This story raises questions about the potential of delight in customer engagement. Can delight be measured, managed, and institutionally delivered? What is the economic payoff for businesses?

But, to start with delight itself: delight occurs at the intersection of customer joy and surprise. In the past, customer delight was restricted to elite brands due to perceived high costs. However, thanks to technological advancements and a shift toward customer-centric practices, companies now have smarter and more effective methods to deliver delightful experiences that yield long-term returns.

Our Growth, Marketing & Sales Practice has done extensive research to uncover the profound impact of customer delight on business success. Surveying 25,000 customers across diverse industries such as tourism, insurance, and banking, we have discovered compelling evidence: delight not only cultivates loyalty and repurchase but also fuels revenue growth through cross-selling and up-selling opportunities.

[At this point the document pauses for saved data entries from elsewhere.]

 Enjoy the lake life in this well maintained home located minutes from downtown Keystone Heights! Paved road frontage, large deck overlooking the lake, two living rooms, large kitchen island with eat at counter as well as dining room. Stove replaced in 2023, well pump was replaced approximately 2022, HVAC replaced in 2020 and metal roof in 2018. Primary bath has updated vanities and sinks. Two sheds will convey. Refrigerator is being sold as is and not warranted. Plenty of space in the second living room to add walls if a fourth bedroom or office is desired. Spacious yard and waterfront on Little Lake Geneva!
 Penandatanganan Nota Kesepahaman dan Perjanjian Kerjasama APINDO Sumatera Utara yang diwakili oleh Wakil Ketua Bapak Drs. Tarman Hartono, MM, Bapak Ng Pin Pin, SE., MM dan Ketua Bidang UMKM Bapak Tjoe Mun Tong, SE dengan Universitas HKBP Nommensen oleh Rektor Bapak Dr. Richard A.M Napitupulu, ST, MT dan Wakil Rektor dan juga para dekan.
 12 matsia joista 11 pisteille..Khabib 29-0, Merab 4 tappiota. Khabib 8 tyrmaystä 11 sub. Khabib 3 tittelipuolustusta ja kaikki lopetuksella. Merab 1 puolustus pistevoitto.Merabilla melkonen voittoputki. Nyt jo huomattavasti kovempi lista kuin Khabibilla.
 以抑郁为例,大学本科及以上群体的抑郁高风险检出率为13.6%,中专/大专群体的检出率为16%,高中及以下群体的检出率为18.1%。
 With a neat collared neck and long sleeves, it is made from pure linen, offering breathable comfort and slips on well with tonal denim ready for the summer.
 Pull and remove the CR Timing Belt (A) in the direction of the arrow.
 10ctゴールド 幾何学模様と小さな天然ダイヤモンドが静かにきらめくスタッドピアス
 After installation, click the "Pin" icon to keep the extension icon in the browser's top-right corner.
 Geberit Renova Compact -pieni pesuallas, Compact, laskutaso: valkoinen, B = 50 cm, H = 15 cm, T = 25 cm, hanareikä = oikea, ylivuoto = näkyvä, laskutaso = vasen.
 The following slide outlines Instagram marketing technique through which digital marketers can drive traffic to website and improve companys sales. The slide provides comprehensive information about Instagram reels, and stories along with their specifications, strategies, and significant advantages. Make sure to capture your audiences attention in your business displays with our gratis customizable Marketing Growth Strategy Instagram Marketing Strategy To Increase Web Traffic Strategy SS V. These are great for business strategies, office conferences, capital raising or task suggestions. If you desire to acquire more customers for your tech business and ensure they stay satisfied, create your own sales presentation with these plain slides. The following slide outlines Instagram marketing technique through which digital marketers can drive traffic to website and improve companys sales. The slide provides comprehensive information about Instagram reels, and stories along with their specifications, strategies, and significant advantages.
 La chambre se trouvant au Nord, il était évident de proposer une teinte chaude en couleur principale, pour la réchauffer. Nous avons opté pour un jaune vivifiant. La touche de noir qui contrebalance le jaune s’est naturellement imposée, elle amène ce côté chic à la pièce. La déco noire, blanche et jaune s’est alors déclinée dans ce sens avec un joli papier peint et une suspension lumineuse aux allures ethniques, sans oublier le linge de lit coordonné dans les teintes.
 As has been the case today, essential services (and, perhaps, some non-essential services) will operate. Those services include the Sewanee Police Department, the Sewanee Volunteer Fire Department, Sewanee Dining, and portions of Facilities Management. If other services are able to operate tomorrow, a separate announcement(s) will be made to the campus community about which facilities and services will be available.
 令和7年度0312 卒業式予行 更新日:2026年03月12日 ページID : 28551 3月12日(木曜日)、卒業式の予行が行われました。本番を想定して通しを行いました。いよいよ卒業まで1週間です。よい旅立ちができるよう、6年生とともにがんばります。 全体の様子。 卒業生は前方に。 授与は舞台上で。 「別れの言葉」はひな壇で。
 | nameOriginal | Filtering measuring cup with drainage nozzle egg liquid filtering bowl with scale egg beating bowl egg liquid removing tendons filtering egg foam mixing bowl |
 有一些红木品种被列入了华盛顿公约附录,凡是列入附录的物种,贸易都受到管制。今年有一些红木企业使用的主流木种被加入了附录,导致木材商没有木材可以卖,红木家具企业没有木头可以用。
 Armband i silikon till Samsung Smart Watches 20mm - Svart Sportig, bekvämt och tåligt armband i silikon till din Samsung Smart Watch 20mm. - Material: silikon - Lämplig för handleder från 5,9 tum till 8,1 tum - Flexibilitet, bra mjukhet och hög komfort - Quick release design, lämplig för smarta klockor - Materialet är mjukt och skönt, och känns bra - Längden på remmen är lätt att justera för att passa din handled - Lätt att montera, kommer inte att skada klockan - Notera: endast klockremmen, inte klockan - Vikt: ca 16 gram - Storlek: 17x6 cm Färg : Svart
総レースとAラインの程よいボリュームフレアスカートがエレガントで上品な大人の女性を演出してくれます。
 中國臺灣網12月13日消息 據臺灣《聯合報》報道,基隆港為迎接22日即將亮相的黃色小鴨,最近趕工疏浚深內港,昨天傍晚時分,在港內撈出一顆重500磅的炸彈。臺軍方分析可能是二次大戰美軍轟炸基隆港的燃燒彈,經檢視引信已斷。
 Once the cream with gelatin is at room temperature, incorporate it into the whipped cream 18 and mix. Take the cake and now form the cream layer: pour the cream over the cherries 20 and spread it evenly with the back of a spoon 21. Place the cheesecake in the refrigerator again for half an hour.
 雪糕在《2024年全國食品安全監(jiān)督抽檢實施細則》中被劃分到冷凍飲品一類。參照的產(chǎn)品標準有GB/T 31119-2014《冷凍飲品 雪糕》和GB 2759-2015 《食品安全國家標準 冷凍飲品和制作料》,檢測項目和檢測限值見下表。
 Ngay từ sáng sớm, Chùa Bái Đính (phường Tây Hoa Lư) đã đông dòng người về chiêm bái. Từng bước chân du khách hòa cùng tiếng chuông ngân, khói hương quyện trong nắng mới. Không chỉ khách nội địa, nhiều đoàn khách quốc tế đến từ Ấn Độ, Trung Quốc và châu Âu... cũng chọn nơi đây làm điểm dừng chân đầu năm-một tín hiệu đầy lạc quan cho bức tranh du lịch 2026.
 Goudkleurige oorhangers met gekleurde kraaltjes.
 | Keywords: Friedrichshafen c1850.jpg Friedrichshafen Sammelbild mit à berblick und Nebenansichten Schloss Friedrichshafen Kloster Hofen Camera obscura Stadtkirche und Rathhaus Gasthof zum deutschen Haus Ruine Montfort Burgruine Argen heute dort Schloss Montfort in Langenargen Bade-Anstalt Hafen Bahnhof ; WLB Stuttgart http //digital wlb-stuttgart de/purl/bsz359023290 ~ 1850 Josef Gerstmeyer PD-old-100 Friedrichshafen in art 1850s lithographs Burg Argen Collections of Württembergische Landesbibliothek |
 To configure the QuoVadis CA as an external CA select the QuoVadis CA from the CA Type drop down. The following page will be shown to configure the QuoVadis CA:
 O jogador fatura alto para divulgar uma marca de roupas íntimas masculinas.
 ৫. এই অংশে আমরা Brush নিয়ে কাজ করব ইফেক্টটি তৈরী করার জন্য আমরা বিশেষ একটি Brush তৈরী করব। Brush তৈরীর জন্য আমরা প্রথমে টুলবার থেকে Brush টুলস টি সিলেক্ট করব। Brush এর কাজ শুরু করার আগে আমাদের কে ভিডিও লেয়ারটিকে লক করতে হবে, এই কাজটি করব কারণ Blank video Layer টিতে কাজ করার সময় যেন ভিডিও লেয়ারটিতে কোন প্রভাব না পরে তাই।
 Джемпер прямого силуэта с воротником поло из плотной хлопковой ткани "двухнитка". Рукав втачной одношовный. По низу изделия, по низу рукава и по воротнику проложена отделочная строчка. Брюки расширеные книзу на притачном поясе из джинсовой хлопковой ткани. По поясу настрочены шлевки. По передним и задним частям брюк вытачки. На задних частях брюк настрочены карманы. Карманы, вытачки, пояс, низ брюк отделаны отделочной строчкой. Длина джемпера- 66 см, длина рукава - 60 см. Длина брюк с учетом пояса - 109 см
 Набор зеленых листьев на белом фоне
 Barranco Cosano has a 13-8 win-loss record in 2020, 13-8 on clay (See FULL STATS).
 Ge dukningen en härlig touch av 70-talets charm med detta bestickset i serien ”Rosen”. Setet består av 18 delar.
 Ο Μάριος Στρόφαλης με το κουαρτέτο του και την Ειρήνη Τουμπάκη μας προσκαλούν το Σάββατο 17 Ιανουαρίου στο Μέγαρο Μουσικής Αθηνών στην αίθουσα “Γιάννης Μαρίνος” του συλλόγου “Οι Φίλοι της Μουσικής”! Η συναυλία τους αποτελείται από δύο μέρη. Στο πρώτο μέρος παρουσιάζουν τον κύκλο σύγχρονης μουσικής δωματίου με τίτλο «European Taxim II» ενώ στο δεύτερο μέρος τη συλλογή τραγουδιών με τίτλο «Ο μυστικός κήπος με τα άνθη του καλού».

In this article, we cover the key findings of the survey, which reveal a clear advantage for companies that prioritize delight. Our research revealed that they outperform their competitors in key metrics such as net promoter score (NPS), revenue, and total return to shareholders (TRS). By prioritizing customer delight and implementing smart, sustainable strategies, companies can unlock new frontiers of service and drive lasting returns without incurring prohibitive expenses.

To have a successful customer interaction, however, both the rational and emotional aspects of customer experience must be addressed. For example, if you are taking a ride in a cab, you expect to reach your destination. If you arrive before the anticipated time, chances are that you will be satisfied with the experience. Meeting customer expectations and satisfaction continues to be mission-critical—they are both vital elements in customer experience before delight can happen—but to elevate the experience, delight is needed; delight has the power to amplify retention, referrals, and revenue of satisfied customers.

Delight: The sweet nexus between joy and surprise

Before exploring the impact of delight, it is important to understand the science behind it. Delight is a deep, emotional reaction characterized by joy and surprise, stemming from an experience that provides something unexpected and extraordinary, transcending daily life.2 Delight occurs only at the intersection of joy and surprise (Exhibit 1).

1
Joy and surprise are basic human emotions that together evoke delight.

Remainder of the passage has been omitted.